§ Source data:
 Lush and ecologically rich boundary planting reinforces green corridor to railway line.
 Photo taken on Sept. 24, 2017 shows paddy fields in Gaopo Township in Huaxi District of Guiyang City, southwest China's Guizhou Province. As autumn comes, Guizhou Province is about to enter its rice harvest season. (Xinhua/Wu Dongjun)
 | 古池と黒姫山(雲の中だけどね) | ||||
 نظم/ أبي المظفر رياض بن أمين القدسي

---

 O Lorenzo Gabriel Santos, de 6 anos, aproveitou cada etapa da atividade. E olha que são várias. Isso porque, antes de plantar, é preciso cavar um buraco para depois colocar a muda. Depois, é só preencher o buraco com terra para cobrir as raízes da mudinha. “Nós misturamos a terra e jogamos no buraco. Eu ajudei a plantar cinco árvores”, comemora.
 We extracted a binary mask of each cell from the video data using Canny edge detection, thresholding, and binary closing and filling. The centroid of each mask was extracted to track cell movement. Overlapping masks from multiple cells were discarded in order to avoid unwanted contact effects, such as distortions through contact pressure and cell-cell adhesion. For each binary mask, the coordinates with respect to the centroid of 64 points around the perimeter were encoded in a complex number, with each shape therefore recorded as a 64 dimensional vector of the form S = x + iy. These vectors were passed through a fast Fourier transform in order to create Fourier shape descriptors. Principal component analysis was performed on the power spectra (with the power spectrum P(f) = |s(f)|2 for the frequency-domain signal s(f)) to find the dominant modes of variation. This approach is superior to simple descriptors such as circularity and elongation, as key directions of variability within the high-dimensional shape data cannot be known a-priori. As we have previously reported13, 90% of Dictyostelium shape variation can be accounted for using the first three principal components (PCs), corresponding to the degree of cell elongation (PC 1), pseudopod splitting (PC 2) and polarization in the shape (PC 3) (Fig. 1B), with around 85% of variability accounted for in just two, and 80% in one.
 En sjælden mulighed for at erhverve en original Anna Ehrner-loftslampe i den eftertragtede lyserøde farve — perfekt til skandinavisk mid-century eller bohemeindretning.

* * *

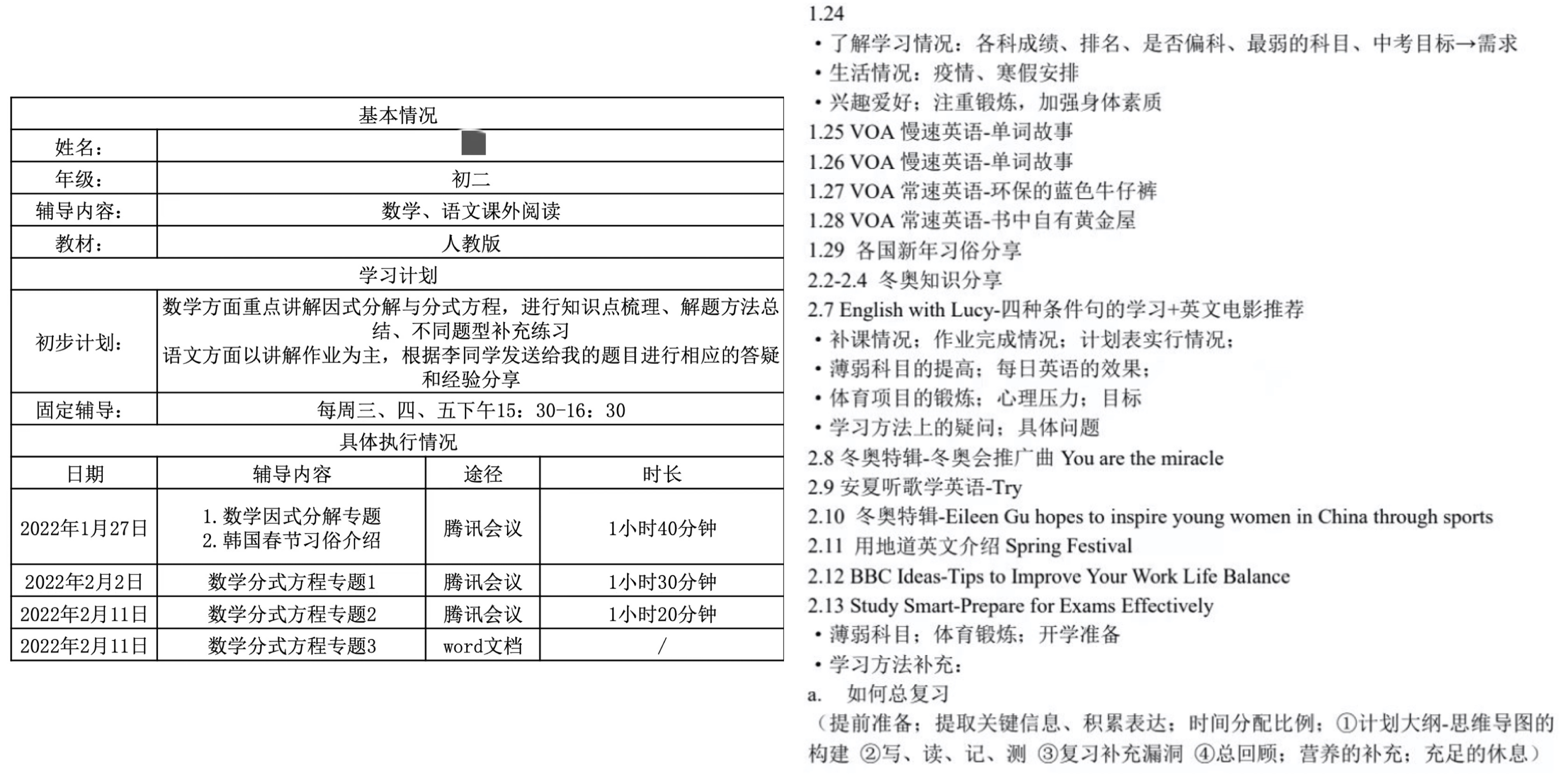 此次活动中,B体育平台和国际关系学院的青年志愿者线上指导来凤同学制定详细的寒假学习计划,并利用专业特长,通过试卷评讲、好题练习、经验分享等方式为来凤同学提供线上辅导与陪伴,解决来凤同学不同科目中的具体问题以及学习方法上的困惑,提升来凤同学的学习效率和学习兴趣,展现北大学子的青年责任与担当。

§ Assignment: Please copy, exactly and with nothing else, the lines above beginning at the line that has "Lush and ecologically" and ending with the line that has "نظم/ أبي المظفر رياض بن أمين القدسي".

§ Answer to the problem:
 Lush and ecologically rich boundary planting reinforces green corridor to railway line.
 Photo taken on Sept. 24, 2017 shows paddy fields in Gaopo Township in Huaxi District of Guiyang City, southwest China's Guizhou Province. As autumn comes, Guizhou Province is about to enter its rice harvest season. (Xinhua/Wu Dongjun)
 | 古池と黒姫山(雲の中だけどね) | ||||
 نظم/ أبي المظفر رياض بن أمين القدسي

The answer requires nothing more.